> [Source material]:
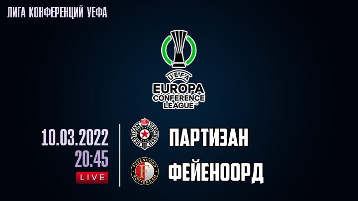 10 марта 2022 года, состоялась онлайн трансляция футбольного матча между футбольным клубом Партизан и футбольным клубом Фейеноорд, проходящего в рамках Лиги конференций УЕФА.
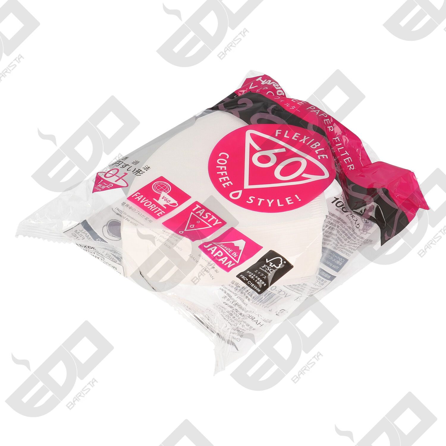Il filtro di carta per V60 assiste il processo di filtraggio del drip-style e permette un buon flow-rate. Dato che il V60 ha le pareti interne a creste, durante l'estrazione l'aria può fuoriuscire con un risultato in tazza perfetto.
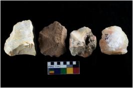 | Description / विवरण | There are n-4 of intact cores. Out of them 1 is made up Chalcedony and 3 are made up of Chert.There are multidirectional irregular dominant scar pattern on both dorsal and ventral face of the cores. |
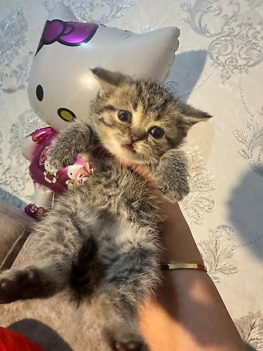 Britaniya qısatüklü balaca pişik balası - Rəng: gümüşi-tabby (boz tonlarda zolaqlı), qarın və pəncələrdə açıq krem-ağ ləkələr - Gözlər: iri, yuvarlaq, mavi-boz çalar - Quyruq: qısa və sıx tüklü - ...
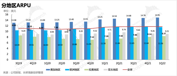 一季度在不同地区的单用户付费金额上,除了亚太地区,其他地区均有不同幅度的增长。
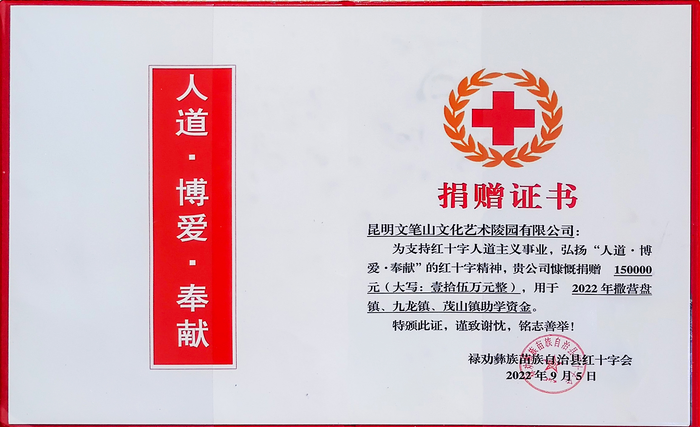 昆明文笔山文化艺术陵园有限公司(下辖文笔山殡仪馆、文笔山文化艺术陵园),是经云南省民政厅、昆明市民政局审核批准,由禄劝县民政局主管,专业从事殡仪、殡葬服务的企业,公司于2009年7月成立,由禄劝县人民政府以招商引资的方式进入,公司投资兴建占地500亩融生态园林、景观文化、殡葬服务、殡仪服务为一体的综合企业,以建设滇中北部地区规模最大,设施最全、环境最美、品味最高的生态艺术陵园。作为我市陵园殡葬行业中的后起之秀,公司将以“推动殡葬改革、提升殡葬文化、节约土地资源、弘扬孝道美德”为己任,恪守信誉、大胆创新,精心打造全新的殡葬服务来回报社会。
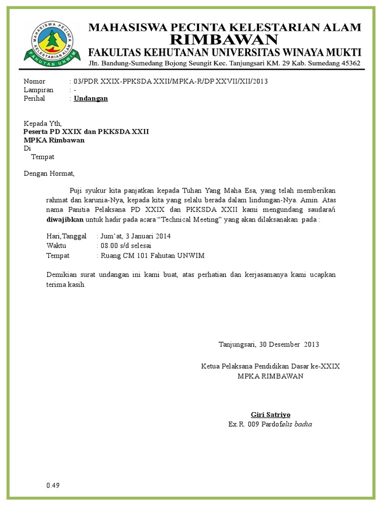 23 Contoh Surat Undangan Resmi Tidak Resmi Acara Rapat Dan Lainnya
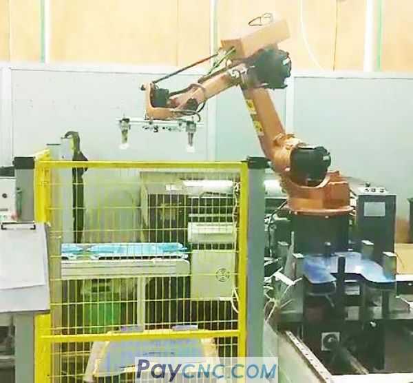 1 set of RMD20 handling robot, 1 set of flexible flexible grips, 1 set of loading and splitting mechanism, 1 set of cutting and conveying line, 1 set of hydraulic punching machine, laser cutting machine to complete automatic panel loading, punching Laser cutting and centralized collection of product off-line;
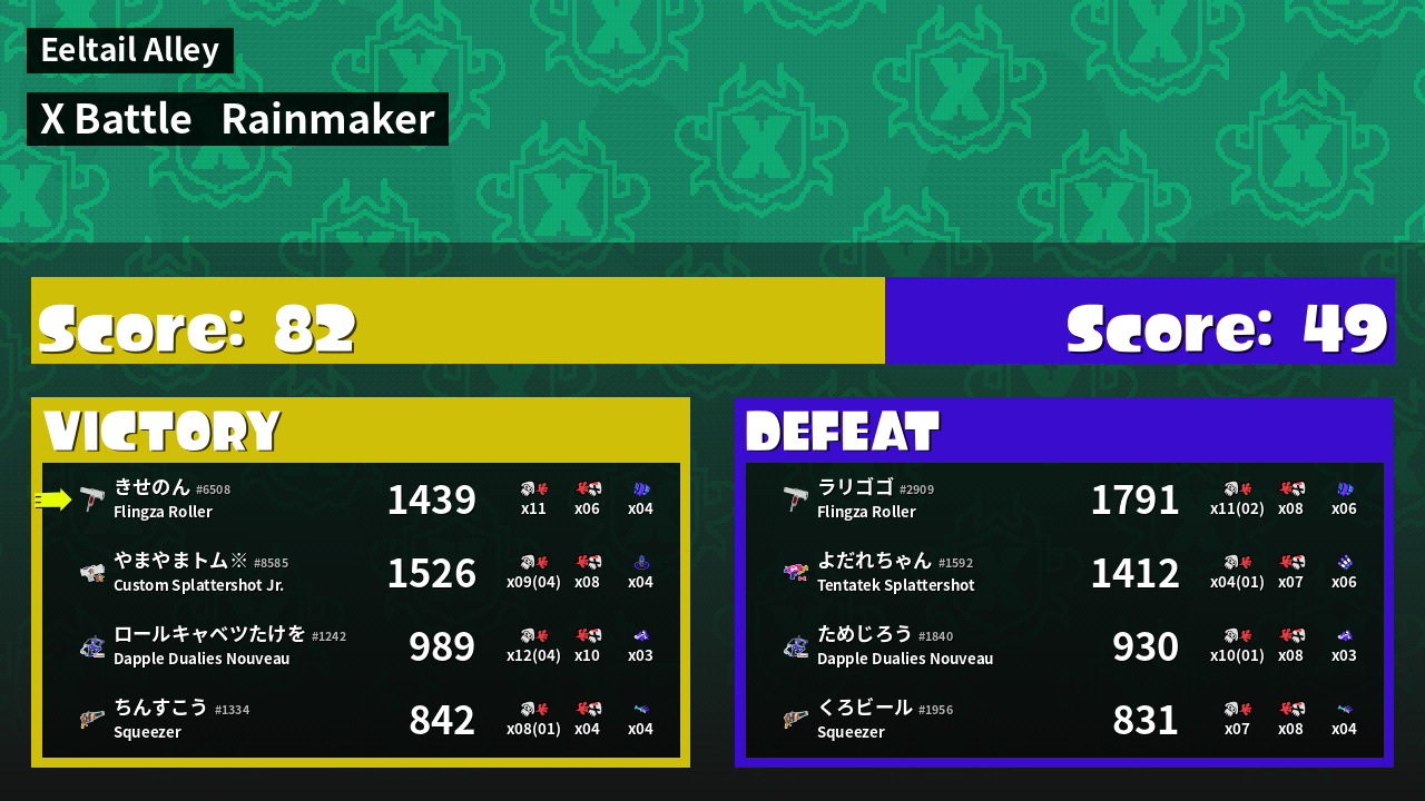 | Weapon | Flingza Roller ( Ink Mine / Tenta Missiles) | ||
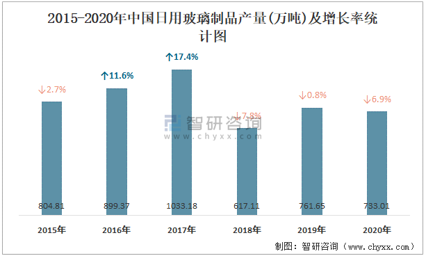 2015-2020年中國日用玻璃制品產(chǎn)量及增長率統(tǒng)計圖
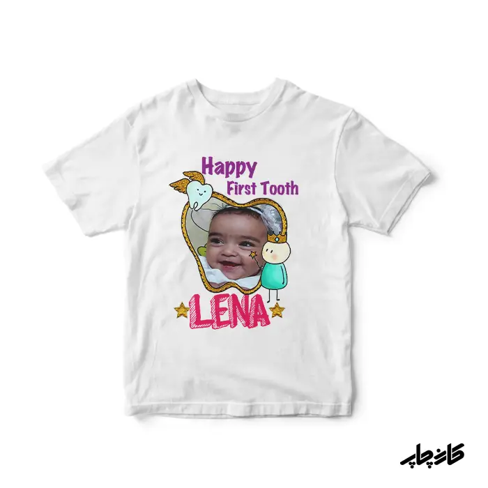 چاپ بادی بچگانه با طرح دلخواه دندونی با طرح و اسم دلخواه موجود در فروشگاه کارن چاپ از جنس نخ پنبه و پلی استر بوده که ۷۰% آن پنبه و ۳۰% آن پلی استر می باشد .
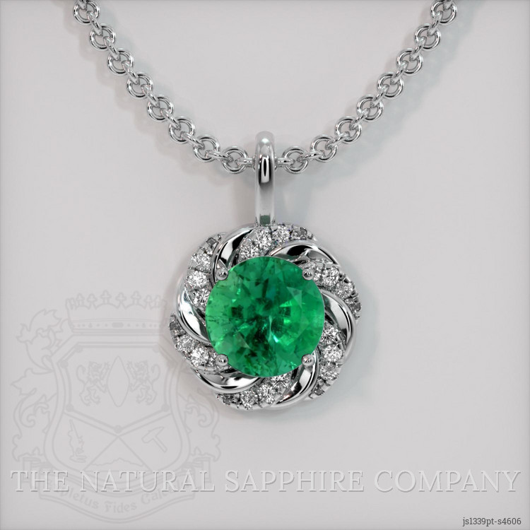 The pendant features a beautiful, transparent 4.36 carat round shape green emerald with the dimensions of 10.06 x 9.89 x 8.22 mm and a mixed brilliant cut. It has a clarity grade of slightly included (evaluated at eye level), intense color saturation, and an excellent polish. The origin of this emerald is Zambia.
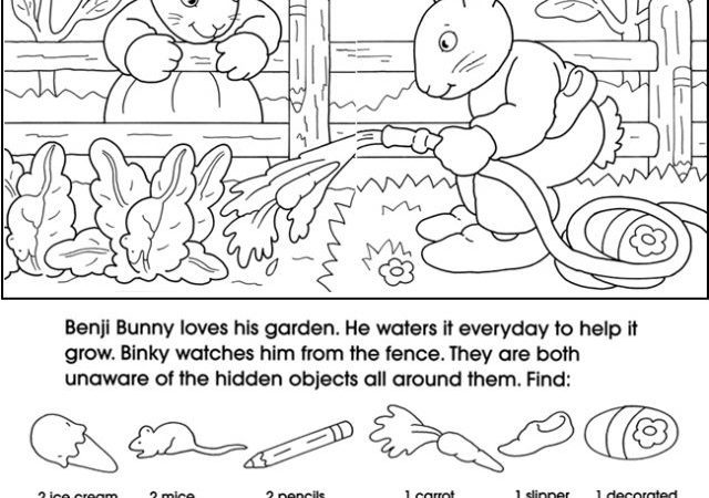 Benji Bunny loves tending to his garden, watering it every day to make it thrive. Meanwhile, Binky watches from the fence, completely unaware of the hidden objects scattered around them!
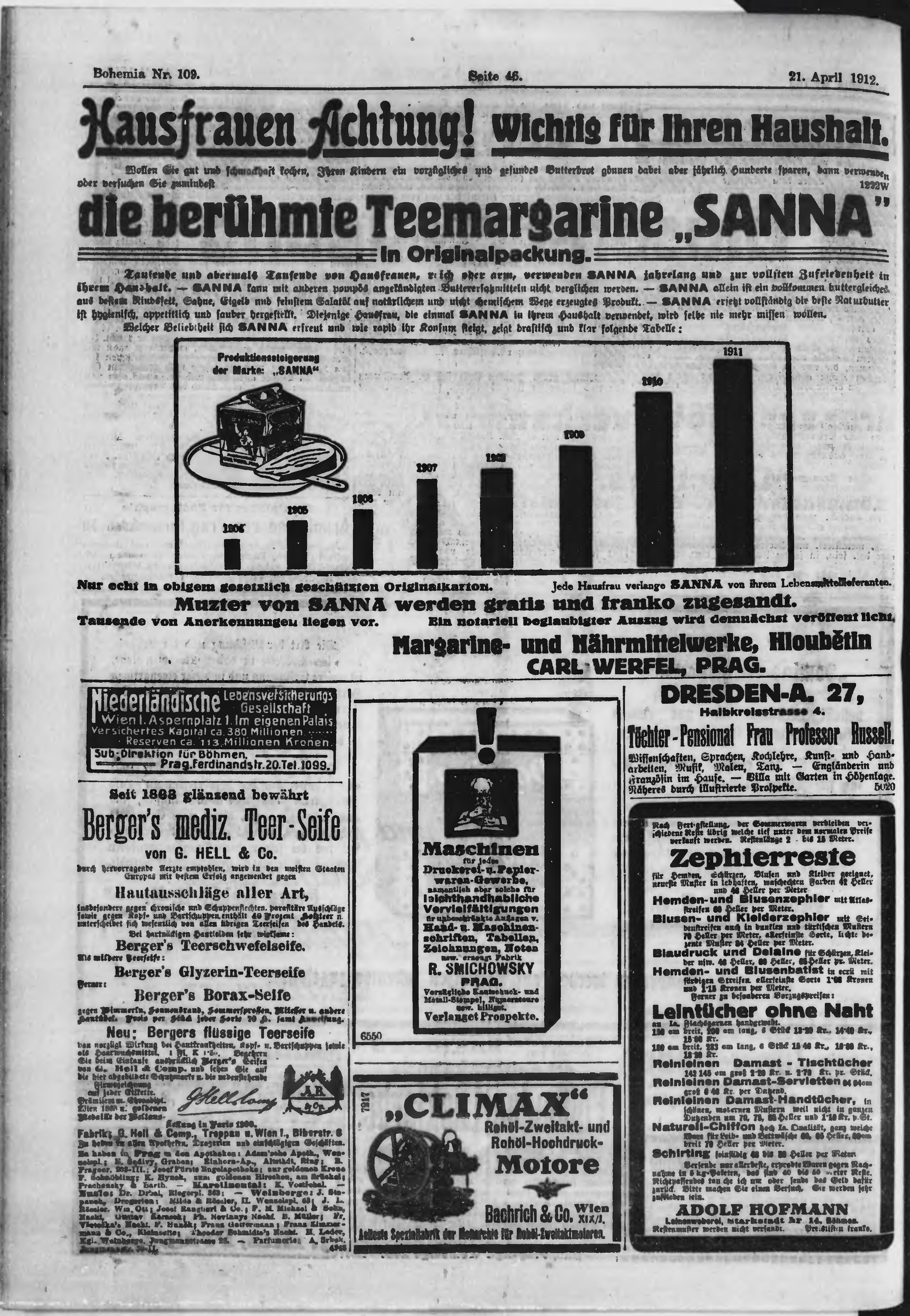 * Datum vydání výtisku: 21.4.1912 Číslo výtisku: 109 Poznámky k výtisku: ranní vydání;
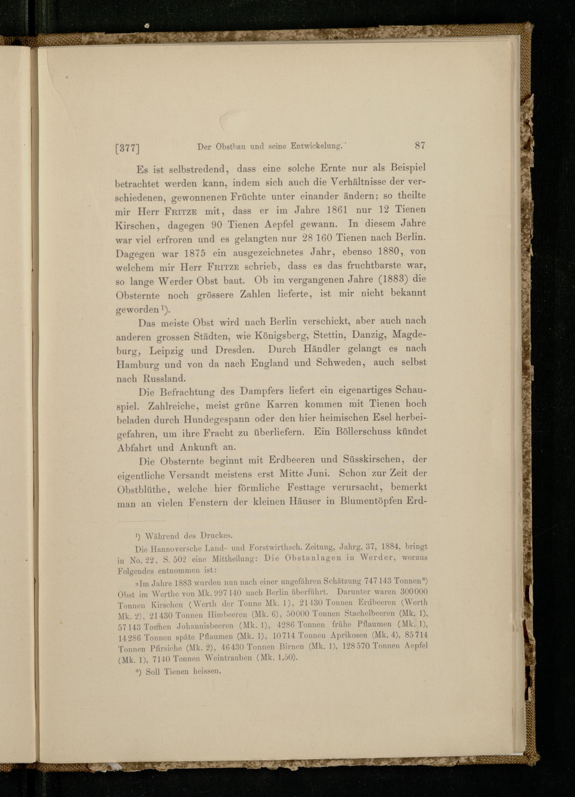 so lange Werder Obst baut. Ob im vergangenen Jahre(1883) die Obsternte noch grössere Zahlen lieferte, ist mir nicht bekannt
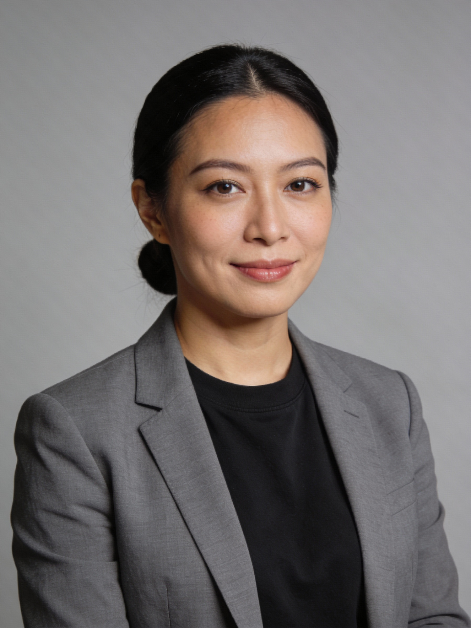 Studio portrait of a Hmong female Operations Lead from Southeast Asia, age 34; light-medium skin, neutral undertone; long black hair tied into a neat low bun; soft natural makeup, gentle eyeliner; medium-gray blazer over a black crewneck top; neutral mid-gray seamless backdrop; Rembrandt lighting with soft fill; 105 mm macro-sharp. Expression: composed and focused, minimal closed-mouth smile with attentive gaze. Framing: portrait orientation, 3:4 ratio; mid-chest-up composition. Subject centered, camera at eye level, facing directly toward the camera. Full head and hair fully inside the frame with a little space above; both shoulders visible, no cropping at top or sides. Neutral studio composition, no props.

> [Directions]:
Return only the stretch above from the line containing "the cores. |" through the line containing "چاپ بادی بچگانه", word for word and without pictures.

> [Answer section]:
 | Description / विवरण | There are n-4 of intact cores. Out of them 1 is made up Chalcedony and 3 are made up of Chert.There are multidirectional irregular dominant scar pattern on both dorsal and ventral face of the cores. |
 Britaniya qısatüklü balaca pişik balası - Rəng: gümüşi-tabby (boz tonlarda zolaqlı), qarın və pəncələrdə açıq krem-ağ ləkələr - Gözlər: iri, yuvarlaq, mavi-boz çalar - Quyruq: qısa və sıx tüklü - ...
 一季度在不同地区的单用户付费金额上,除了亚太地区,其他地区均有不同幅度的增长。
 昆明文笔山文化艺术陵园有限公司(下辖文笔山殡仪馆、文笔山文化艺术陵园),是经云南省民政厅、昆明市民政局审核批准,由禄劝县民政局主管,专业从事殡仪、殡葬服务的企业,公司于2009年7月成立,由禄劝县人民政府以招商引资的方式进入,公司投资兴建占地500亩融生态园林、景观文化、殡葬服务、殡仪服务为一体的综合企业,以建设滇中北部地区规模最大,设施最全、环境最美、品味最高的生态艺术陵园。作为我市陵园殡葬行业中的后起之秀,公司将以“推动殡葬改革、提升殡葬文化、节约土地资源、弘扬孝道美德”为己任,恪守信誉、大胆创新,精心打造全新的殡葬服务来回报社会。
 23 Contoh Surat Undangan Resmi Tidak Resmi Acara Rapat Dan Lainnya
 1 set of RMD20 handling robot, 1 set of flexible flexible grips, 1 set of loading and splitting mechanism, 1 set of cutting and conveying line, 1 set of hydraulic punching machine, laser cutting machine to complete automatic panel loading, punching Laser cutting and centralized collection of product off-line;
 | Weapon | Flingza Roller ( Ink Mine / Tenta Missiles) | ||
 2015-2020年中國日用玻璃制品產(chǎn)量及增長率統(tǒng)計圖
 چاپ بادی بچگانه با طرح دلخواه دندونی با طرح و اسم دلخواه موجود در فروشگاه کارن چاپ از جنس نخ پنبه و پلی استر بوده که ۷۰% آن پنبه و ۳۰% آن پلی استر می باشد .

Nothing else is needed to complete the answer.